Fire and dust
The first few kilometers to Bukoba still had a nice paved road. But that should be over soon. As soon as I came to the main road that connects Tanzania with Rwanda and Burundi, the condition of the road got worse and worse. Potholes without end and soon there was no more asphalt. After that, only endless corrugated iron roads followed. Impressive I find here really only the many locals who transport the most incredible things with their bikes.
Unfortunately the sunglasses broke on the second day. Another mishap followed the next day. In the morning I pushed my bike through the bush into the street. Suddenly the chain slipped off the chainring. Before I could even react, she had already caught herself between the chainring and the pinion. It took me three hours to knock the chain out with Allen key and stone again.
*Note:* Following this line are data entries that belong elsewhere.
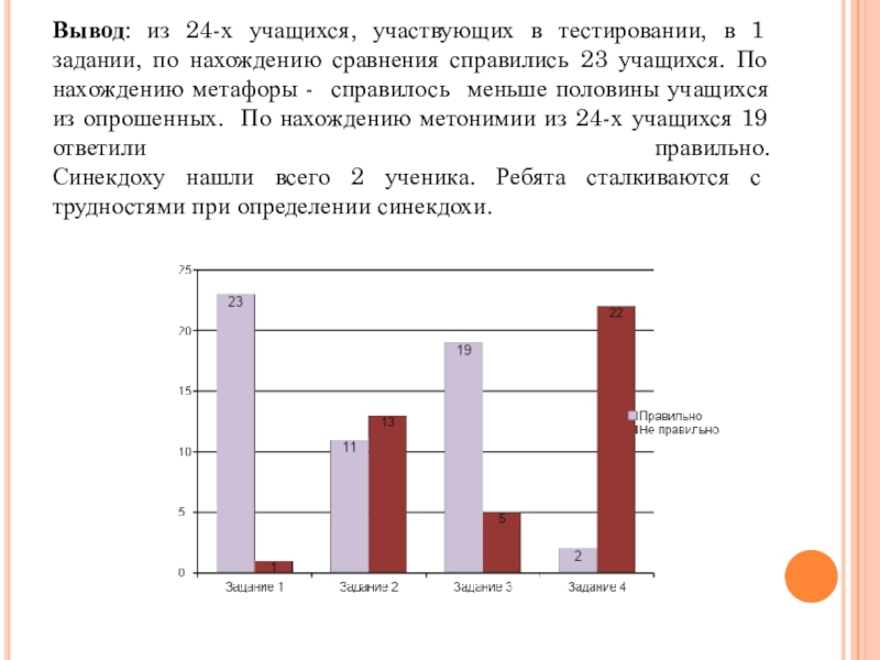 Слайд 14Вывод: из 24-х учащихся, участвующих в тестировании, в 1 задании, по
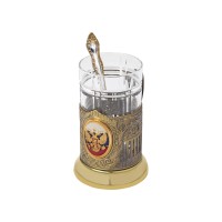 Описание Подстаканник с хрустальным стаканом и ложкой РОССИЙСКИЙ-Л, золотистый/прозрачный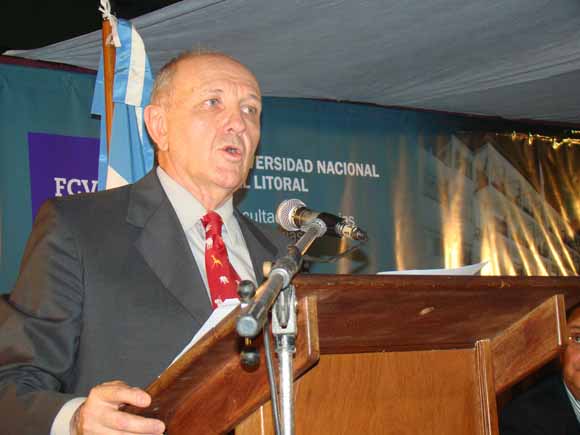 En representación del rector de la UNL, Abog. Albor Cantar, estuvo presente el Secretario Académico de la UNL, Arq. Carlos Sastre. En su discurso, remarcó que la Facultad de Ciencias Veterinarias “tiene la singularidad de estar construyéndose, ampliándose y modernizándose permanentemente. La FCV se engalana con su pertenencia a la apasionante y trascendente historia de esta pujante ciudad de Esperanza”, dijo.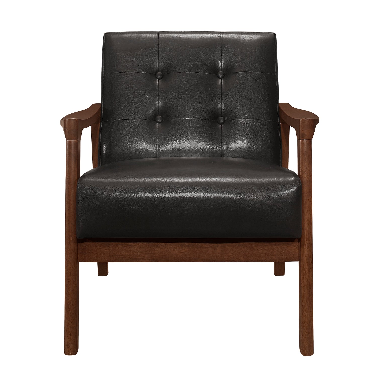 Mid-Century Modern lines define the profile of the Alby Collection accent chair. Contoured arms top the framing of the chair. The button-tufted back and plain seat of the chair are covered in dark brown faux leather upholstery, with walnut finish over solid wood.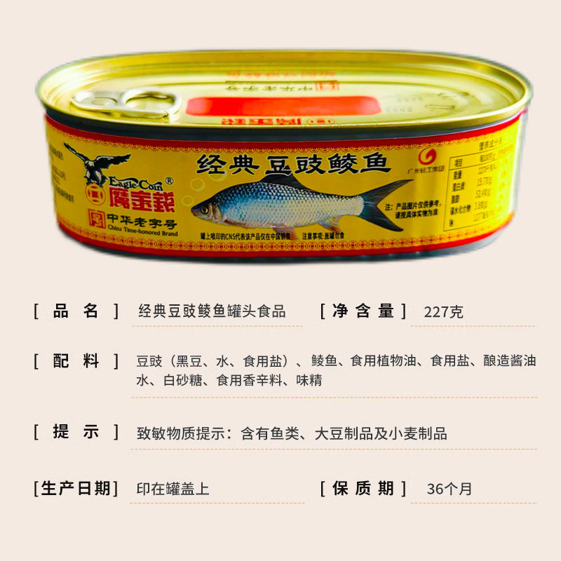 鹰金钱经典豆豉鲮鱼罐头227g下饭菜酒菜拌饭开罐即吃鱼肉熟食金奖

The dirt road to Kigoma goes along almost 300km along the Burundian border. Here came another evil. In addition to the reckless bus driving, there are a huge number of vehicles for aid organizations here. These are even more ruthless than the bus drivers. Every day I was deliberately pushed off the street several times. My middle finger was quite often used. By no means will I ever again support an aid organization in my life that I have seen here.
Due to the difficult situation in Burundi, several refugee camps are located here. The United Nations reports nearly 500 deaths last year; Recent data suggests that up to 1,500 people in the conflict between government and opponents of the regime may have died between April 2015 and April 2016, including 690 civilians. The African Union has refrained from plans to send a peacekeeping force; the taboo was too great to intervene against the will of a member state.
My list of the top 5 archenemies now looks like this:
Tanzanian bus driver
East African children
Of the many dust which stir up the vehicles, everything is just covered on the side of the road. Often I had to stop when vehicles drove past me because you could not see anything for a while.
In the villages I only stopped to buy water. Most of the time, a bunch of people stood around me in no time to just stare at me. The landscape is totally bleak here. On the one hand contributes to the slash and burn and also covers all the dust from the street the whole. On the 300km long corrugated run, I always had two songs in my head:
After 9 days I finally reached Kigoma on the shores of Lake Tanganyika. Moral and physically pretty much in the end. Actually I wanted to camp at the Jakobsen Beach Camp. This was much too expensive for me. The Aqua Lodge is being renovated but the manager still allowed me to pitch tent right on the shore. I was very lucky and was able to make a trip with the MV Liemba 3 days later. This only goes to Mpulungu in Zambia every 2 weeks.
The Liemba was built in 1913 as a steamship in Germany and armed during the First World War. Until May 16, 1927, it bore the name Goetzen, named after Gustav Adolf Graf von Goetzen. It was intended to promote the transport of goods on Lake Tanganyika, located in the former German colony of German East Africa and with the Belgian colony of Congo.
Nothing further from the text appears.